§ WHAT TO PRODUCE
No pictures belong in the answer. Repeat all the entries exactly.

§ DATA
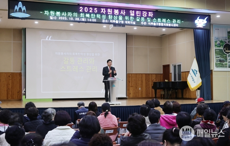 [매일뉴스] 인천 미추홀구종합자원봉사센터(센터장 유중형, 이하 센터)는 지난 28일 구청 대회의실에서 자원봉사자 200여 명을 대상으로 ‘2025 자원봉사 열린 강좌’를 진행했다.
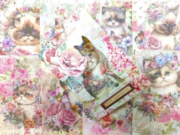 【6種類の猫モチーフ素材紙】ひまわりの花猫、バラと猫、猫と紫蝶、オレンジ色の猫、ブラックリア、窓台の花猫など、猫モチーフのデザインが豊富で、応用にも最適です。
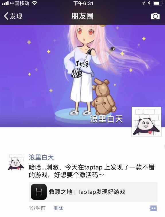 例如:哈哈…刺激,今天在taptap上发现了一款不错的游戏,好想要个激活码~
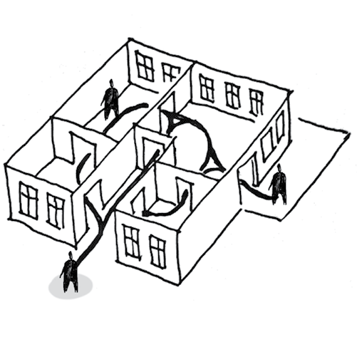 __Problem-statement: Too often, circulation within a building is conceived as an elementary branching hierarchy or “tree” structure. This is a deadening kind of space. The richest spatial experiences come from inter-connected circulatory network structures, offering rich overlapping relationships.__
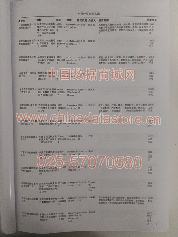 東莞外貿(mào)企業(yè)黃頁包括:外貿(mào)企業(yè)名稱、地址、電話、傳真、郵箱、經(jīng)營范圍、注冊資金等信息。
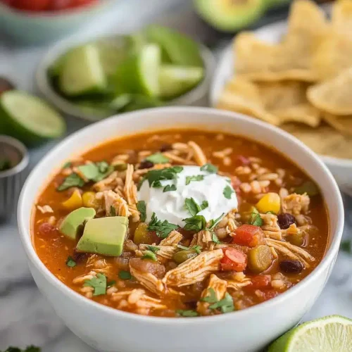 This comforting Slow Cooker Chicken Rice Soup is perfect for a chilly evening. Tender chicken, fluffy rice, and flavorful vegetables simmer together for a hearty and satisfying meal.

§ SOLVED EXERCISE
 [매일뉴스] 인천 미추홀구종합자원봉사센터(센터장 유중형, 이하 센터)는 지난 28일 구청 대회의실에서 자원봉사자 200여 명을 대상으로 ‘2025 자원봉사 열린 강좌’를 진행했다.
 【6種類の猫モチーフ素材紙】ひまわりの花猫、バラと猫、猫と紫蝶、オレンジ色の猫、ブラックリア、窓台の花猫など、猫モチーフのデザインが豊富で、応用にも最適です。
 例如:哈哈…刺激,今天在taptap上发现了一款不错的游戏,好想要个激活码~
 __Problem-statement: Too often, circulation within a building is conceived as an elementary branching hierarchy or “tree” structure. This is a deadening kind of space. The richest spatial experiences come from inter-connected circulatory network structures, offering rich overlapping relationships.__
 東莞外貿(mào)企業(yè)黃頁包括:外貿(mào)企業(yè)名稱、地址、電話、傳真、郵箱、經(jīng)營范圍、注冊資金等信息。
 This comforting Slow Cooker Chicken Rice Soup is perfect for a chilly evening. Tender chicken, fluffy rice, and flavorful vegetables simmer together for a hearty and satisfying meal.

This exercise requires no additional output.